Pretty sure my (completely sarcastic) comments about a hacksaw and its use have been taken the wrong way... Lesson learned...got to remember people don't know me, or my consistently high level of sarcasm...


----------



## Southeast Power (Jan 18, 2009)

T&K said:


> Pretty sure my (completely sarcastic) comments about a hacksaw and its use have been taken the wrong way... Lesson learned...got to remember people don't know me, or my consistently high level of sarcasm...


Someone once told me I was sardonic. I laughed.

http://english.stackexchange.com/qu...the-difference-between-sardonic-and-sarcastic


----------



## Duece McCracken (Sep 18, 2013)

All the jobs around here have cordless and corded bandsaws. They are the way to go. The hacksaw is on the tool list, and It is handy to have for a few quick cuts, or if theres large MC(6/3 and up) that needs to get terminated. I don't carry a Roto-flex, just a Roto-Split, so I use either the cordless bandsaw or in a pinch i use a hacksaw to cut greenfield. Or the break and snip method, it all depends on what it is going to and where it is.


----------



## Blayney86 (Jan 18, 2013)

Sounds like it's worth it I think I'll have to pick one up this week. One of my guys has that same problem of pinching his thumb with the sawzall. I never considered it since I used to do very little commercial but lately I've been doing mostly commercial.


----------



## HARRY305E (Jun 14, 2013)

Blayney86 said:


> Sounds like it's worth it I think I'll have to pick one up this week. One of my guys has that same problem of pinching his thumb with the sawzall. I never considered it since I used to do very little commercial but lately I've been doing mostly commercial.



I did that to my thumb once, that's how you learn not put your thumb there..:laughing:


----------



## theJcK (Aug 7, 2013)

Milwaukee Hackall.. is the bomb.


----------



## theJcK (Aug 7, 2013)

::coughs:: Hackzall http://www.milwaukeetool.com/power-tools/cordless/2420-22


----------



## MTW (Aug 28, 2013)

The corded bandsaw is awesome but the M18 bandsaw looks even more awesomer. :laughing:


----------



## Bkessler (Feb 14, 2007)

MTW said:


> The corded bandsaw is awesome but the M18 bandsaw looks even more awesomer. :laughing:


I sure wish ryobi would make an18v bandsaw.


----------



## MTW (Aug 28, 2013)

Bkessler said:


> I sure wish ryobi would make an18v bandsaw.


Ryobi? :blink:


----------



## theJcK (Aug 7, 2013)

yea i linked the 12 just for reference but used the 18v. saving for that tool system to be mine once the DeWalt 12v impact dies. switching to Milwaukee cause they have the most tools in system.. plus ive used that brand corded and battery and in their case the name might be worth the money. only drawback is any pipe over 2" you have to roll to complete the cut. i bass mouth with portabands most times anyway. as long as i can get the measurement i wanted somewhere along cut. it counts. ::thumbsup::


----------



## 120/208 (Nov 18, 2012)

Blayney86 said:


> Do very many of you guys use em? Always use a sawzall and if im doing a lot of strut or larger pipe I bring my 14" cut off saw. Just curious what the advantage of the band saw is?
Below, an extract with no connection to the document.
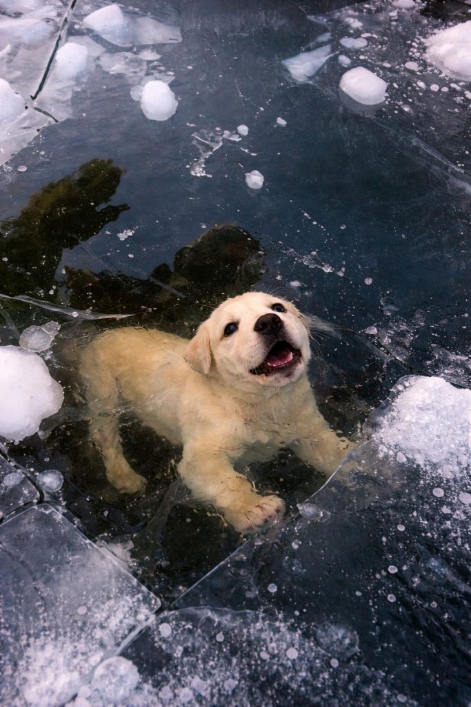 Cold water rushed up as he plunged his arms through the opening, grabbing the dog and pulling him free — breaking the surface just in time.

All of our trucks have a Milwaukee corded band saw on them. The advantage would be a straighter cut when cutting strut and other misc. items.


----------



## ohiosparky99 (Nov 12, 2009)

The 2 cordless tools I wish I had bought earlier are the cordless dewalt bandsaw and the cordless sds drill, best money on tools we've spent in a long time


----------



## sparky970 (Mar 19, 2008)

stuiec said:


> I've got the Makita with the carbide tipped metal cutting blade, no sparks to speak of, and way faster than abrasive discs :thumbsup:


 
That's what had been using as well. 2 chop saws, one with a blade for steel and one for stainless. We were told last week we couldn't use them anymore with a hot work permit and fire watch.


----------